Joint estimation of the spatio--temporal alignment exploiting the neighbor frames (Joint VA)

Until now we have adopted a divide--and--conquer approach: the video alignment problem has been decomposed in two subproblems, namely, synchronization and frame registration, to be solved independently, for the sake of tractability. The shortcoming of this approach is that errors on the first step propagate to the second. Hence, in Chap. 5, we reformulate the problem as a simultaneous inference of both the time and spatial correspondence. Our new formulation generalizes the 'classic' case of fixed geometric transform and linear time mapping.

Learning the synchronization correspondence according to slice matching that works directly on temporal domain (Slice Matching)
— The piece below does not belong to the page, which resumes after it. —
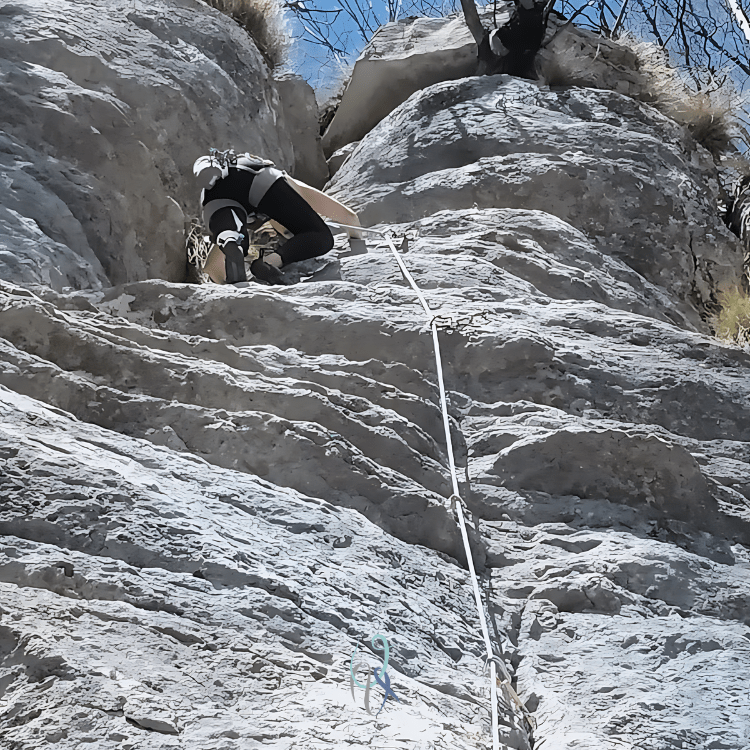 L’anfiteatro, che mi accoglie e che si affaccia sulla valle, è tappezzato di striature, sfumature della roccia e tratti ancora bagnati, che lo rendono ancora più maestoso. Qui i tiri partono con strapiombi netti, che lasciano poco spazio alla riflessione e di più all’istinto e alla forza, per poi collegarsi a lunghezze ad arco con belle canne, meno spietate ma pur sempre dure per gli avambracci.

Instead of inferring the temporal correspondence based on frame similarities, in Chap. 6 we work directly on the temporal domain since the synchronization is based on slice matching. The key idea of the algorithm is to exploit the analogy between image matching and slice matching. Image matching provides putative spatial matches to estimate a geometric transformation; whereas slice matching provides putative temporal correspondences that can be used to estimate the temporal mapping. Furthermore, we learn the temporal correspondence based on that putative correspondences. This allows us to process new types of sequences, like indoor sequences, without manual parameter tunning.

Applications


The outline of the applications based on Online Video Alignment presented in this dissertation and their result webpages are as:

On-board Road Detection

Road detection is an essential functionality for supporting advanced driver assistance systems (ADAS) such as road following and vehicle and pedestrian detection. The major challenges for detecting road areas in images are dealing with lighting variations and the presence of objects on the scene. Current road detection algorithms characterize road areas at pixel level and grouping them accordingly. However, these algorithms fail in presence of strong shadows and lighting variations. We propose a road detection algorithm that exploits the similarities occurred when a vehicle follows the same trajectory more than once. Thus, image areas depicting drivable road surfaces are inferred by transferring the knowledge learned previously. Then, video alignment is combined with a refinement step to provide the required accuracy. Experiments are conducted on different video sequences taken in different scenarios and daytime. Qualitative and quantitative evaluations prove that the proposed algorithm is robust to varying imaging conditions and scenarios.

Vehicle Geolocation

Geolocation is a key component in automotive navigation systems or for managing fleets of vehicles. The most employed sensor for geolocation is the GPS receiver. Its accuracy may be drastically reduced in urban areas due to multiple reception path or satellite occlusions. In this chapter we propose a novel method for estimating the geospatial location of a vehicle based on on--line video matching. The key idea is to infer the vehicle location based just on visual information: assigning each newly acquired frame to a frame in the topological--map made of sequences so that they are acquired at the same position, and transfer the geospatial location of this retrieved frame to the recent frame. Moreover, we propose a qualified method to annotate the geospatial location for all the images in the map. The key advantages of the proposed vehicle geolocation are: 1) the increase of the rate and the accuracy of the vehicle position with regard to a consumer GPS and 2) the ability to localize a vehicle even when a GPS is not available or is not reliable enough, like in certain urban areas. Experimental results for urban environments on three different datasets are presented, showing an average of relative accuracy of 1.6 meters.